If I want to use this class, I may inherit a new class SalesOrder from BusinessObjectArray, and then solve the problem with the following Excel method:
However, it is still coding, that Antonio (and I) would not like to offer to our business users. So, I tried to make something more business friendlier within a typical decision modeling context such as TDM or DMN.
As a result, I introduced a new decision table type “DecisionTableUniqueness” that should hide all implementation details. At the same time, our business user should be able to create a decision table that may look as follows:
As you may guess, this decision table has only one unconditional action (conclusion) called “ActionUniqueness” with two sub-columns: 1) Array Name that is a Sales Order in our case; 2) Properties that define object similarity which are properties “sku” and “price” of our class Product. That’s it! Almost as Antonio wanted – just instead of an operator “Have Duplicates” we defined a new column type “ActionUniqueness” inside traditional decision tables (rule families).
I do not want you to think that something magic has happened behind the scene. It is quite natural for OpenRules to add new decision table types using custom rules templates. So, in the spirit of the open source, below I will describe my entire test project including decision tables, glossary, test data, produced results, as well as the decision template.
I created two very simple Java classes (beans):
- SalesOrder that is simply inherited from BusinessObjectArray and nothing inside
- Product that is a simple Java bean with 3 properties: sku, price and quantity.
Everything else (logic) is defined within Excel. I started with the test data:
Then I decided that my decision will have two sub-decisions:
The first sub-decision will calculate similar objects – see the proper decision table “CalculateSimilarObjects” above. The second sub-decision will check the variable “Contains Duplicates“, filled by the first sub-decision, to produce a message about possible duplication:
And here is the proper glossary:
When I ran this decision model, it produced the following results:
*** Decision DetermineUniqueness ***
Decision has been initialized
Sales Order contains duplicate products from DetermineProductUniqueness
Decision Output:
BusinessObjectArray:
Product [sku=SKU-1000, price=10, quantity=10]

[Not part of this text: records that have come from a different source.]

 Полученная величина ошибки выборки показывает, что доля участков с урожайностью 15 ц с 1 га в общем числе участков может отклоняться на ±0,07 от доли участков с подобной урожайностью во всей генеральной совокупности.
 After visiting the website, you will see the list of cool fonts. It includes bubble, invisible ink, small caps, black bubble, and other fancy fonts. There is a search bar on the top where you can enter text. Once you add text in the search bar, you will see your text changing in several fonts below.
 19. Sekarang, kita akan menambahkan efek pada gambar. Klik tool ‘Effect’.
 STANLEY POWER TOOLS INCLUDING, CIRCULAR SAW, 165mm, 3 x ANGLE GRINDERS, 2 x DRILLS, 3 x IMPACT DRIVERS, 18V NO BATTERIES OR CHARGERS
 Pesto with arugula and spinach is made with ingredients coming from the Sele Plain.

Product [sku=SKU-1, price=20, quantity=3] 1 duplicate(s)
Product [sku=SKU-2, price=30, quantity=1]
Product [sku=SKU-1, price=20, quantity=4] 1 duplicate(s)
Product [sku=SKU-3, price=40, quantity=6]

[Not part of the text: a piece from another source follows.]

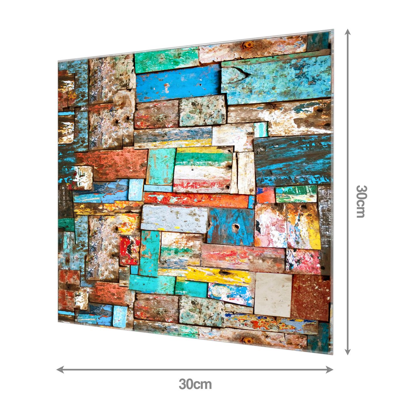 Quadratisches Wandbild aus Glas Bunte Holzschindeln

Product [sku=SKU-4, price=15, quantity=2]
This array contains duplicates
Our decision model correctly diagnosed that the second and the fourth products are duplicates.
And finally, the custom template for the table of the type “DecisionTableUniqueness” is described by this Excel table:
It’s quite similar to the initial method “CalculateSimilarObjects” but the important fact is that a business user would never see this template – we will probably add it to the OpenRules library of optional templates, so it could be reused.
At the end I want to thank Antonio Plais for initiating an interesting discussion.